Sempre que existam formas alternativas ao uso de animais igualmente eficazes do ponto de vista científico, é importante prioritizá-las. A tecnologia moderna tem permitido a criação de novos modelos e abordagens. Por exemplo, o uso de células de sangue ou da pele dos pacientes para extrair o material genético e promover a sua especialização (o termo cientifico correto é diferenciação) em células nervosas tem permitido estudar fatores de risco e mecanismos de neurodegeneração.
A troca global de dados científicos permite a reanálise de dados de outros cientistas para testar novas hipóteses ou compreender mecanismos sem a necessidade de repetir estudos (são designadas por experiências in silico). Modelos mais simples do cérebro, como células em cultura ou organóides (tecidos que reproduzem a estrutura cerebral em 3D), permitem estudar aspetos específicos do desenvolvimento cerebral e de patologias ligadas ao neurodesenvolvimento. Por outro lado, a ressonância magnética funcional permite estudar algumas facetas do cérebro humano em funcionamento, de forma não invasiva, sem a necessidade de modelos animais.
Então, por que ainda usamos animais em alguns estudos? Isso acontece porque existem patologias e mecanismos do cérebro humano que ainda não conseguimos reproduzir em modelos mais simples. A prova disso é o facto de muitos fármacos, que parecem promissores em animais, mais tarde não funcionarem em pacientes. Exemplos de estudos que ainda requerem modelos animais são os comportamentos ligados a doenças psiquiátricas, neurodegenerativas ou de adição, os estudos de cognição complexa, lesões cerebrais ou da medula espinhal e a manipulação de circuitos neuronais para entender exatamente como funcionam e intervir em caso de disfunção.
Os modelos animais têm sido fundamentais para a compreensão de inúmeras patologias neurológicas, como doença de Alzheimer, doença de Parkinson, epilepsia e distúrbios psiquiátricos. Eles fornecem uma plataforma para testar tratamentos potenciais, avaliar estratégias terapêuticas e verificar a segurança e eficácia de intervenções inovadoras, tanto farmacológicas quanto cirúrgicas, antes de avançar para ensaios clínicos em humanos. Estamos sempre a trabalhar na tentativa de ter modelos mais fiáveis e com poder de translação para pacientes, mas no caso do sistema nervoso central, tem sido complexo.
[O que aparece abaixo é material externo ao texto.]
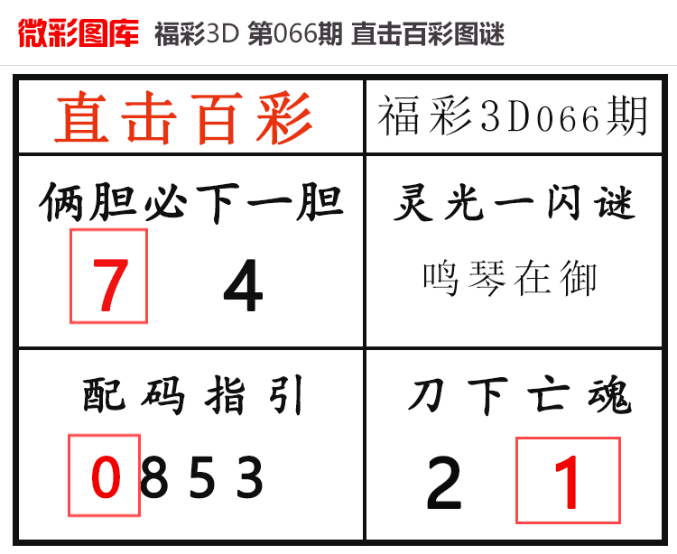 25066期:福彩3D【直击百彩】微彩图谜 开720 胆码红7、配码红0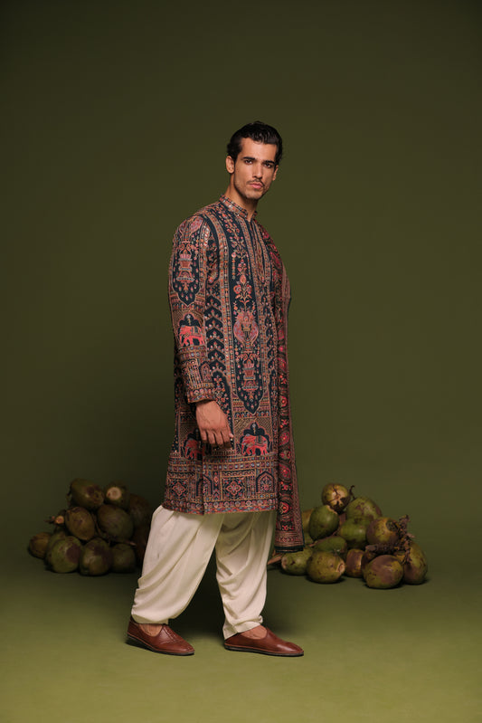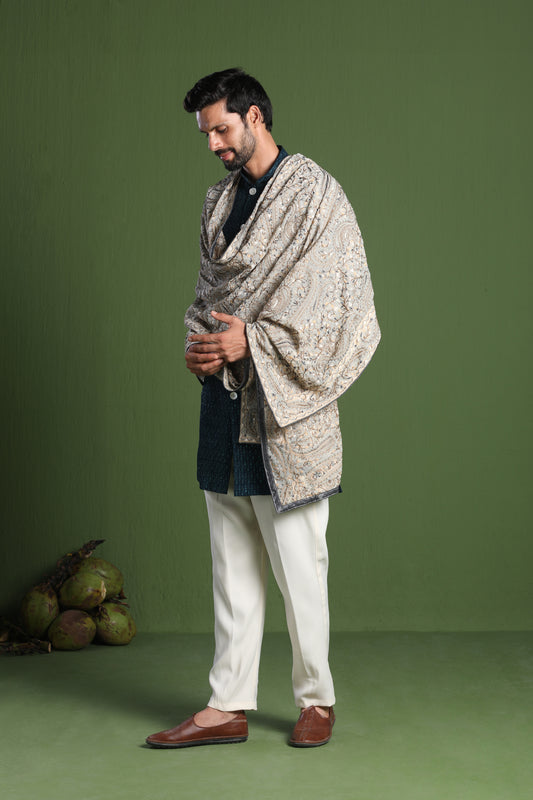 AKSHAY TEAL FRONT OPEN KURTA SET WITH HEAVY EMBROIDERED DUPATTA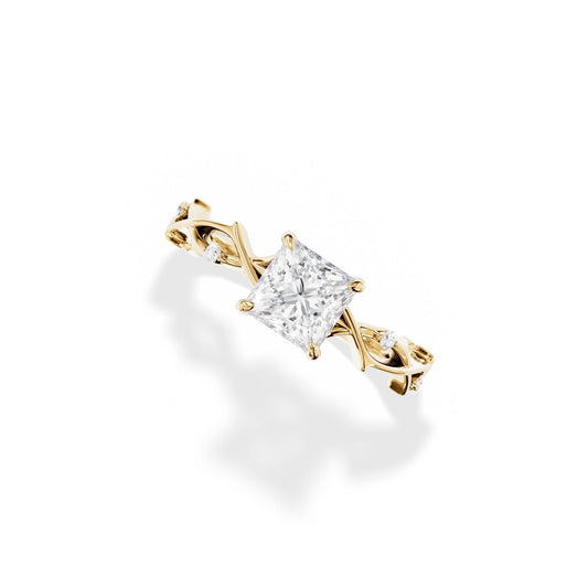 1.20 CT Princess Cut Moissanite Twig setting Engagement Ring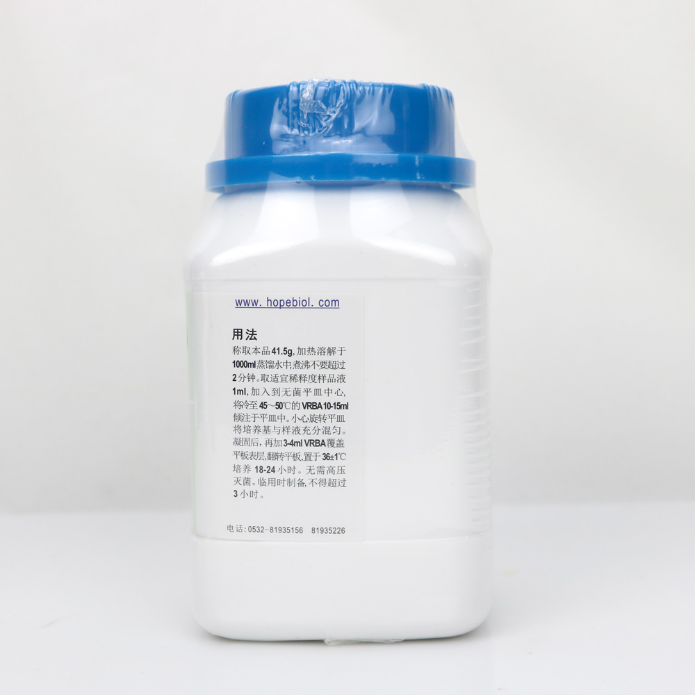称取本品41.5g,加热溶解于1000ml蒸馏水中,煮沸不要超过2分钟。取适宜稀释度样品液1ml,加入到无菌平皿中心,将冷至45-50℃的VRBA 10-15ml倾注于平皿中。小心旋转平皿将培养基与样液充分混匀。凝固后,再加3-4ml VRBA覆盖平板表层,翻转平板,置于36±1℃培养18-24小时。无需高压灭菌。临用时制备,不得超过3小时。

É crucial desenvolvermos cada vez mais alternativas à utilização de animais sempre que possível, mas reconhecer que, atualmente, ainda existem situações em que o uso de modelos animais é indispensável para avançar no conhecimento e no desenvolvimento de novas terapias.
Só conseguimos progredir entanto sociedade e melhorar o nosso respeito pela Natureza e pelos animais que permitiram estes avanços, se soubermos refletir sobre o assunto sem radicalizações e sem tabus. De forma consciente, informada e aberta a novas ideias e seguindo o exemplo do admirável José Mattoso, a quem presto homenagem este mês, sugerindo o livro Poderes Invisíveis, ao som de Space Oddity do incontornável David Bowie.